[Items from a dataset]
--

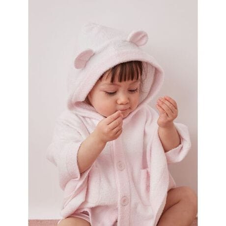 3層に重なる冷たいアイスクリームをイメージした、’スムーズィーライト'のグラデーションボーダーシリーズです。可愛いフードが付いた、さらっと羽織れるBABYサイズのポンチョ。毎日のルームウェアにはもちろん、夏のエアコンや窓辺の日差し対策などにもぴったりです。フロントポケットにロゴ刺繍入り。色は夏らしい涼しげなトーンのピンクとミントをご用意しました。同シリーズの雑貨と合わせたり、同時期のアイスクリームベアシリーズとのコーディネートもおすすめ。LADIES’、KIDSアイテムとリンク・コーディネートもお楽しみいただけます。
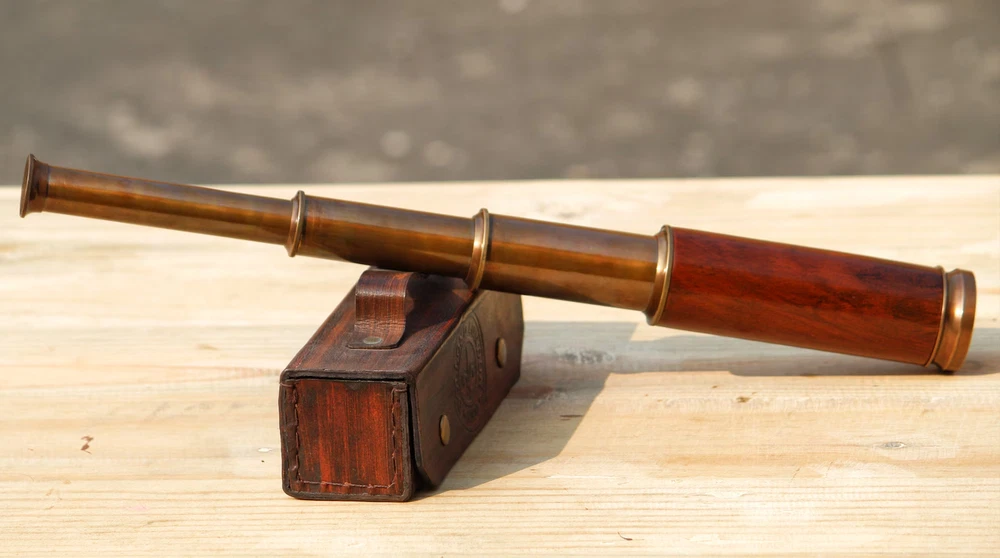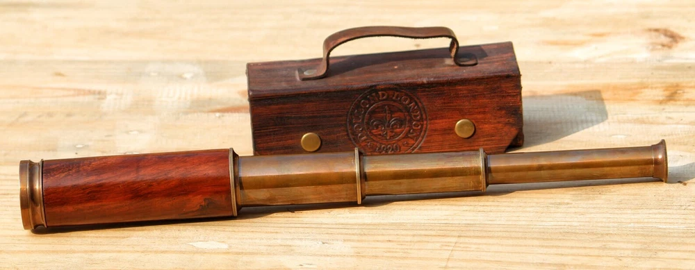 Handmade Working Telescope Custom Engraved, Pirates Spyglass, Gift For Husband, Anniversary Gift, Boating Gift, Gift For Him Materials: Brass, Glass, Wood, Leather DESCRIPTION OF PRODUCT These Beautifully Crafted, Handmade, Solid Brass Telescope have been Manufactured to Reflect the Workmanship and Materials of a more Elegant Bygone age. All feature high Quality fully Coated Optics Making them Highly Functional Products. All Models Provide Correct images, So can be Used for Terrestrial viewing Because It Focuses and Magnifies due to the Excellent Optics for real Viewing. A Premium Quality Brass Wooden Telescope With Leather Box, Royal Navy Spyglass, Handheld Telescope, Pirate Scope, Boating Gift, Graduation Gifts, Gift For Him. It Comes With Leather Case , Plain Wooden Box , Engraved Wooden Box. You Can Chose Case Options From List while Making Order. Size Of Telescope - 15 Inch [ 38 Cm] Full Extend ! 6 inch [ 15.24 Cm] When Folded Material - Brass, Leather, Wood Finish- Premium Brown Antique Finish Put Your Engraving Instruction In Box, Telescope Can be Engraved 4 Side Because 1 Side Is On Wooden Part, Each Side Can Have 200 Characters Or 2 to 3 Lines . Wooden box can also be engraved Up to 400 Characters Or more
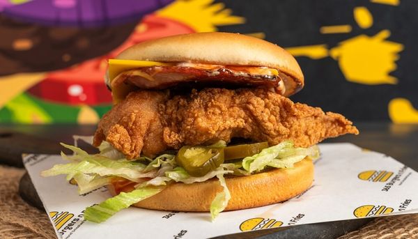 Crispy southern fried chicken fillet layered with American cheese, 365 spicy special sauce, grilled bacon, Jalapenos and fresh lettuce on a toasted potato bun.
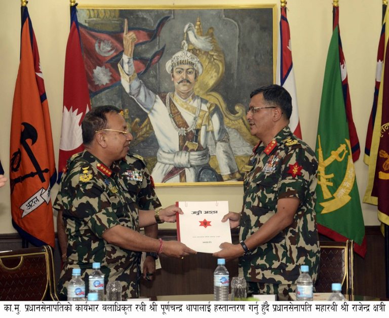 प्रधानसेनापति क्षत्रीले बिहीबार नै एक कार्यक्रमको आयोजना गरेर प्रधानसेनापतिको जिम्मेवारी थापालाई हस्तानतरण गर्नु भएको छ । यस अघि नै बसेको मन्त्रिपरिषदको बैठकले भदौ २४ अर्थात बिहीबारबाट कामु प्रधानसेनापतिको जिम्मेवारी थापालाई दिने निर्णय गरेको थियो ।
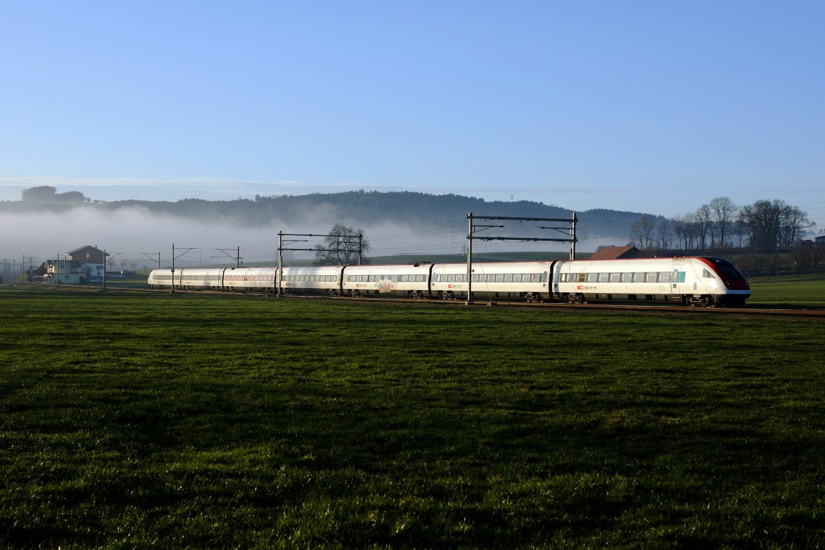 SBB: RABDe 500 (ICN) bei Egolzwil in Richtung Luzern unterwegs am 17. Dezember 2015. Der Zug befindet sich nur noch wenige Meter vor dem sonnigen Streckenabschnitt bei Wauwil entlang des grossen Sees. Foto: Walter Ruetsch (naar de afbeelding)

--

The lines to copy exactly start with the line above that has "Crispy southern fried" and go on through the line that has "प्रधानसेनापति क्षत्रीले बिहीबार"; please include both, add nothing else, and omit the pictures.

 Crispy southern fried chicken fillet layered with American cheese, 365 spicy special sauce, grilled bacon, Jalapenos and fresh lettuce on a toasted potato bun.
 प्रधानसेनापति क्षत्रीले बिहीबार नै एक कार्यक्रमको आयोजना गरेर प्रधानसेनापतिको जिम्मेवारी थापालाई हस्तानतरण गर्नु भएको छ । यस अघि नै बसेको मन्त्रिपरिषदको बैठकले भदौ २४ अर्थात बिहीबारबाट कामु प्रधानसेनापतिको जिम्मेवारी थापालाई दिने निर्णय गरेको थियो ।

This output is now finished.